An Introduction to Ayurveda

Updated: Feb 27

"To understand Ayurveda is to understand life. The knowledge that changes and shapes the way we see ourselves and the world as being one in harmony with the elements of Nature."

There is a lot of information that is currently sweeping the internet and Ayurveda is slowly gaining the recognition that it deserves but it is important that we make sure that we don't dilute this ancient healing system and instead use it to help ourselves and others to live a life that is free from imbalances of the mind, body and spirit.

We live in the age of information and though this is great it can also leave us struggling to find relevant information that is necessary to our healing process. In this article I am going to lay down the basics of Ayurveda in a way that is accessible and easy for us to understand, but it is important to understand that you have the most knowledge of your body so remember to follow your own intuition with any information you hear. Put things into practice, see how your body reacts and trust yourself. Life isn't linear and neither is our health; we change with the seasons, the environment, and our stress levels so we will need to adjust our routines according to our current state of balance which is always changing.

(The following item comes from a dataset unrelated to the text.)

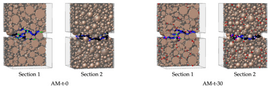 The AM–0 model is a prismatic specimen (8.0 × 5.0 × 5.0 cm3) that follows the specified dimensions, aggregate gradation, and mastic characteristics detailed in Table 1. In the assembly, particles larger than 2.0 mm represent the aggregates, while those between 1.5 and 2.0 mm represent the mastic. The AM–0 model comprises 25,374 particles, 138,573 particle–particle contacts, and 1537 particle–wall contacts. The AM–t–0 model follows the same dimensions as the AM–0 model and adopts a similar particle size distribution for both aggregates and mastic. However, the specimen includes a notch measuring 0.80 cm in length and height on both sides at mid-height to facilitate fracture initiation and localisation. The relationship between the minimum specimen width (between notches) and the maximum aggregate size is approximately 2.5, which is considered an acceptable ratio (see Figure 1 and Figure 2).

Ayurveda is 5,000 years of wisdom built around this belief by using the elements, foods, and rhythms of nature to support our bodies and bring them back to balance.

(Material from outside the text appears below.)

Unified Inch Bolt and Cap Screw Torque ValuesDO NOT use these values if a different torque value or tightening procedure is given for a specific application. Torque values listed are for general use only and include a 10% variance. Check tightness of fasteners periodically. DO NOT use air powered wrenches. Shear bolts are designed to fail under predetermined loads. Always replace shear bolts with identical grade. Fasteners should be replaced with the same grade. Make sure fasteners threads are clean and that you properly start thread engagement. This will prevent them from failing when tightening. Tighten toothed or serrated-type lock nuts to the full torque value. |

In Ayurveda rather than wait until a disease has manifested in our bodies we try to catch imbalances before they develop, making Ayurveda a preventative medical science. To be out of balance can mean anything from having from bloating or gas, to feeling a lack of energy or luster for life, all the way to having physical symptoms (dis-ease). Ayurveda treats and looks at all dis-eases of the body and mind in the same way, as an imbalance of one of three Dosha's: Pitta, Kapha, or Vata. Ayurveda works with the belief that the mind, body and spirit are intrinsically connected; and it all begins and ends with a healthy Agni (digestive fire).

In Ayurveda it is said that all diseases are caused by an imbalance in our digestion, which is being backed more and more up by Western medical science by the day. However, Ayurveda believes that rather than eating other people's healthy probiotics (digestive enzymes) via a tablet or drink - we can instead bring our bodies environment back into it's natural state of balance so that it can produce it's own bacteria and continue to support the other systems within our bodies in the way it has been programmed to do for thousands of years.

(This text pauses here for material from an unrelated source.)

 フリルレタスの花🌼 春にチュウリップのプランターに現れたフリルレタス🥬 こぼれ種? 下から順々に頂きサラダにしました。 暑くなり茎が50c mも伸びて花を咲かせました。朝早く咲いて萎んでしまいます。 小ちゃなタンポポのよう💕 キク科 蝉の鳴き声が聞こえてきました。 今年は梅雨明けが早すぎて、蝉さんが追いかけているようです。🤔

The three energies in Ayurveda are known as Pitta (Fire and Water), Vata (Air and Space), and Kapha (Earth and Water). These three energies exist in every living thing and are much more complex than some might think. Our bodies are predominantly made out of these energies, we all have all three energies or dosha's within our constitution's in varying amounts. Some of us might be suffering with an imbalance in our Vata, Kapha, or Pitta; and sometimes all three. We can recognise which dosha's are out of balance by looking at our imbalances, both emotional and physical and bring ourselves back into balance by using the correct herbs and making informed lifestyle choices.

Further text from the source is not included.